#### [Task instructions]
Retype, without any change, the line that contains "Merupakan wadah untuk" and every line that follows it to the end of the entries, and nothing else.

#### [Data listing]

- - - - - - -

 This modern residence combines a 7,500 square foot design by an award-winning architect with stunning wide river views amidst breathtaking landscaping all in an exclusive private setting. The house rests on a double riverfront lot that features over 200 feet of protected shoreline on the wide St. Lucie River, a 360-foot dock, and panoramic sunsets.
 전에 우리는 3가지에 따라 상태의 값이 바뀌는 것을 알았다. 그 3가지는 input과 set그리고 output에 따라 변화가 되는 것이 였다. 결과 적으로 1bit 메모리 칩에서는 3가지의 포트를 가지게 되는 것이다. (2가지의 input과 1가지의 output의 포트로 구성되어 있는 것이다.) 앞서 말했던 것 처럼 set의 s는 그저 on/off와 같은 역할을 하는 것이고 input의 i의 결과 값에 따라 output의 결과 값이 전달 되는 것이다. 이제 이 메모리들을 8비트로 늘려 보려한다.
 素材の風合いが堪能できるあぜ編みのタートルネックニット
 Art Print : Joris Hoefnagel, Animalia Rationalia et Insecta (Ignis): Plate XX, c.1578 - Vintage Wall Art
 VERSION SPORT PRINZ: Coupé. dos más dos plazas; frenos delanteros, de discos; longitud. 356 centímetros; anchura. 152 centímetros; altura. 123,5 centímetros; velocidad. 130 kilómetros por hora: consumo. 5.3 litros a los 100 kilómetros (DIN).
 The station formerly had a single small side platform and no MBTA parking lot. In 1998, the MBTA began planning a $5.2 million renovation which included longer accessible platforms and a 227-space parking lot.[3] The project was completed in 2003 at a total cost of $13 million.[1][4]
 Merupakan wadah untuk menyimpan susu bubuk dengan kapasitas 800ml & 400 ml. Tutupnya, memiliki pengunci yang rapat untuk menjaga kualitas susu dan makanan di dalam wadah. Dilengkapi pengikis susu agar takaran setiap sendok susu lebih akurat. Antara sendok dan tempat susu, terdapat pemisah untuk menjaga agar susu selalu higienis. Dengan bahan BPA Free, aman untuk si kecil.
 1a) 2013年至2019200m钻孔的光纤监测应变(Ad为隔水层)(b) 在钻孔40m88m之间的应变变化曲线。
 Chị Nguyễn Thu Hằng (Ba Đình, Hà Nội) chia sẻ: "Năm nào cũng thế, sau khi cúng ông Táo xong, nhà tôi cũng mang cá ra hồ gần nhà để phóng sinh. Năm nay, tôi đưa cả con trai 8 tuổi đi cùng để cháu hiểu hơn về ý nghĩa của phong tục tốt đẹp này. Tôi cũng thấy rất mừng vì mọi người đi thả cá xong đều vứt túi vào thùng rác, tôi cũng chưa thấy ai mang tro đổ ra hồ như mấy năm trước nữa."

- - - - - - -

#### [Result of the task]
 Merupakan wadah untuk menyimpan susu bubuk dengan kapasitas 800ml & 400 ml. Tutupnya, memiliki pengunci yang rapat untuk menjaga kualitas susu dan makanan di dalam wadah. Dilengkapi pengikis susu agar takaran setiap sendok susu lebih akurat. Antara sendok dan tempat susu, terdapat pemisah untuk menjaga agar susu selalu higienis. Dengan bahan BPA Free, aman untuk si kecil.
 1a) 2013年至2019200m钻孔的光纤监测应变(Ad为隔水层)(b) 在钻孔40m88m之间的应变变化曲线。
 Chị Nguyễn Thu Hằng (Ba Đình, Hà Nội) chia sẻ: "Năm nào cũng thế, sau khi cúng ông Táo xong, nhà tôi cũng mang cá ra hồ gần nhà để phóng sinh. Năm nay, tôi đưa cả con trai 8 tuổi đi cùng để cháu hiểu hơn về ý nghĩa của phong tục tốt đẹp này. Tôi cũng thấy rất mừng vì mọi người đi thả cá xong đều vứt túi vào thùng rác, tôi cũng chưa thấy ai mang tro đổ ra hồ như mấy năm trước nữa."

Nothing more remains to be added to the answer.